TASK GOAL:
Would you mind restating all of the records word for word, skipping the pictures?
------ DATA LISTING
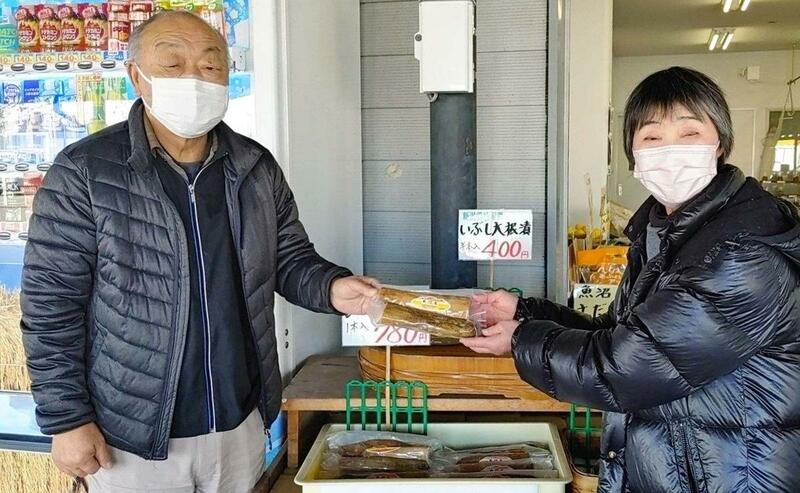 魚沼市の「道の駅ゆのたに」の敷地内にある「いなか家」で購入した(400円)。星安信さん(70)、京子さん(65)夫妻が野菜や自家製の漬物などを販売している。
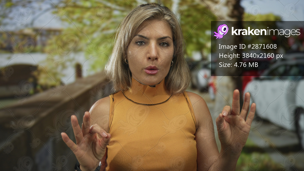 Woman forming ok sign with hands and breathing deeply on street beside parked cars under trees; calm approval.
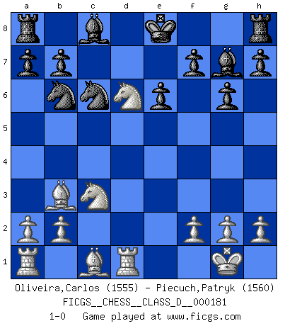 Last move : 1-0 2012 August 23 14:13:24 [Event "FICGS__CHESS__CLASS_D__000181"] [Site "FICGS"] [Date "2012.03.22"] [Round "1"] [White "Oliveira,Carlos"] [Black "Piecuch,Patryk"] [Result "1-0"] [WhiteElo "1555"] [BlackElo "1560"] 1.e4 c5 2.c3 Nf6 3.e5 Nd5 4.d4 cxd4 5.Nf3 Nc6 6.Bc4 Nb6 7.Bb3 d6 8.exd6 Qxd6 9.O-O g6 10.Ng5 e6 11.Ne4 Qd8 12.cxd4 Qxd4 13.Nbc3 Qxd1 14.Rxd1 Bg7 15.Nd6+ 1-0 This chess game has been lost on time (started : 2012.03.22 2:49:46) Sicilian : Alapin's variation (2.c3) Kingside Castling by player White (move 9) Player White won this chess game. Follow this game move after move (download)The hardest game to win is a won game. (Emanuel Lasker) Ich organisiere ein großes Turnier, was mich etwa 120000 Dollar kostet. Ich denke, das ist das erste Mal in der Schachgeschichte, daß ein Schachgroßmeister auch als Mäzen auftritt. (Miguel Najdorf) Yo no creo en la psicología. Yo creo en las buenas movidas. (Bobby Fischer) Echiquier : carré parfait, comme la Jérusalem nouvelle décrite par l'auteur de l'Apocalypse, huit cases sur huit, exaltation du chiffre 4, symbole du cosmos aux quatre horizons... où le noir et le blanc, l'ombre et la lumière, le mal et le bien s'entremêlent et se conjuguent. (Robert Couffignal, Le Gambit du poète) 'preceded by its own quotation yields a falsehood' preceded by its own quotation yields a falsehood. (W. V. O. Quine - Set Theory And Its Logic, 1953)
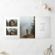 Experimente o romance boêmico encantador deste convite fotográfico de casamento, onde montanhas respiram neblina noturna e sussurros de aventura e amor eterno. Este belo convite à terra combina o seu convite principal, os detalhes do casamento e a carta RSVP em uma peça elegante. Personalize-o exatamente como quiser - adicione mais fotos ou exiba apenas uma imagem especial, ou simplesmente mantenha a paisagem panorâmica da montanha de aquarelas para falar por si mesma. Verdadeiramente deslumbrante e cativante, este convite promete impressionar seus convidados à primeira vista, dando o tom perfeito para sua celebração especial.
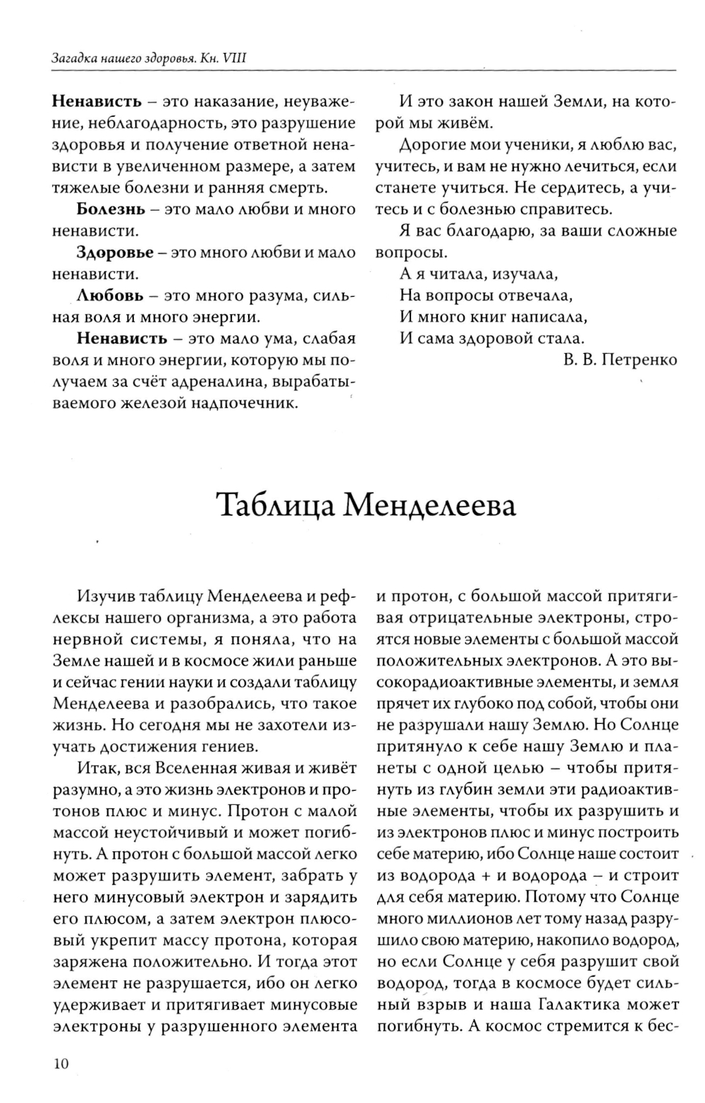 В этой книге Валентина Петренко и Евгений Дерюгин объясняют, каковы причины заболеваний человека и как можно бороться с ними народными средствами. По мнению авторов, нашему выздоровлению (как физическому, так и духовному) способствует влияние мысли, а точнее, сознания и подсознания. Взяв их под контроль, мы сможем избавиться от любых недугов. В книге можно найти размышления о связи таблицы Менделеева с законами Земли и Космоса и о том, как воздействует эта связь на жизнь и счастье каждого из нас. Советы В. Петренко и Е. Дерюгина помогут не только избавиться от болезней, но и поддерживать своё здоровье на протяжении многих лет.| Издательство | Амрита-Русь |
------------
RESPONSE TO THE TASK:
 魚沼市の「道の駅ゆのたに」の敷地内にある「いなか家」で購入した(400円)。星安信さん(70)、京子さん(65)夫妻が野菜や自家製の漬物などを販売している。
 Woman forming ok sign with hands and breathing deeply on street beside parked cars under trees; calm approval.
 Last move : 1-0 2012 August 23 14:13:24 [Event "FICGS__CHESS__CLASS_D__000181"] [Site "FICGS"] [Date "2012.03.22"] [Round "1"] [White "Oliveira,Carlos"] [Black "Piecuch,Patryk"] [Result "1-0"] [WhiteElo "1555"] [BlackElo "1560"] 1.e4 c5 2.c3 Nf6 3.e5 Nd5 4.d4 cxd4 5.Nf3 Nc6 6.Bc4 Nb6 7.Bb3 d6 8.exd6 Qxd6 9.O-O g6 10.Ng5 e6 11.Ne4 Qd8 12.cxd4 Qxd4 13.Nbc3 Qxd1 14.Rxd1 Bg7 15.Nd6+ 1-0 This chess game has been lost on time (started : 2012.03.22 2:49:46) Sicilian : Alapin's variation (2.c3) Kingside Castling by player White (move 9) Player White won this chess game. Follow this game move after move (download)The hardest game to win is a won game. (Emanuel Lasker) Ich organisiere ein großes Turnier, was mich etwa 120000 Dollar kostet. Ich denke, das ist das erste Mal in der Schachgeschichte, daß ein Schachgroßmeister auch als Mäzen auftritt. (Miguel Najdorf) Yo no creo en la psicología. Yo creo en las buenas movidas. (Bobby Fischer) Echiquier : carré parfait, comme la Jérusalem nouvelle décrite par l'auteur de l'Apocalypse, huit cases sur huit, exaltation du chiffre 4, symbole du cosmos aux quatre horizons... où le noir et le blanc, l'ombre et la lumière, le mal et le bien s'entremêlent et se conjuguent. (Robert Couffignal, Le Gambit du poète) 'preceded by its own quotation yields a falsehood' preceded by its own quotation yields a falsehood. (W. V. O. Quine - Set Theory And Its Logic, 1953)
 Experimente o romance boêmico encantador deste convite fotográfico de casamento, onde montanhas respiram neblina noturna e sussurros de aventura e amor eterno. Este belo convite à terra combina o seu convite principal, os detalhes do casamento e a carta RSVP em uma peça elegante. Personalize-o exatamente como quiser - adicione mais fotos ou exiba apenas uma imagem especial, ou simplesmente mantenha a paisagem panorâmica da montanha de aquarelas para falar por si mesma. Verdadeiramente deslumbrante e cativante, este convite promete impressionar seus convidados à primeira vista, dando o tom perfeito para sua celebração especial.
 В этой книге Валентина Петренко и Евгений Дерюгин объясняют, каковы причины заболеваний человека и как можно бороться с ними народными средствами. По мнению авторов, нашему выздоровлению (как физическому, так и духовному) способствует влияние мысли, а точнее, сознания и подсознания. Взяв их под контроль, мы сможем избавиться от любых недугов. В книге можно найти размышления о связи таблицы Менделеева с законами Земли и Космоса и о том, как воздействует эта связь на жизнь и счастье каждого из нас. Советы В. Петренко и Е. Дерюгина помогут не только избавиться от болезней, но и поддерживать своё здоровье на протяжении многих лет.| Издательство | Амрита-Русь |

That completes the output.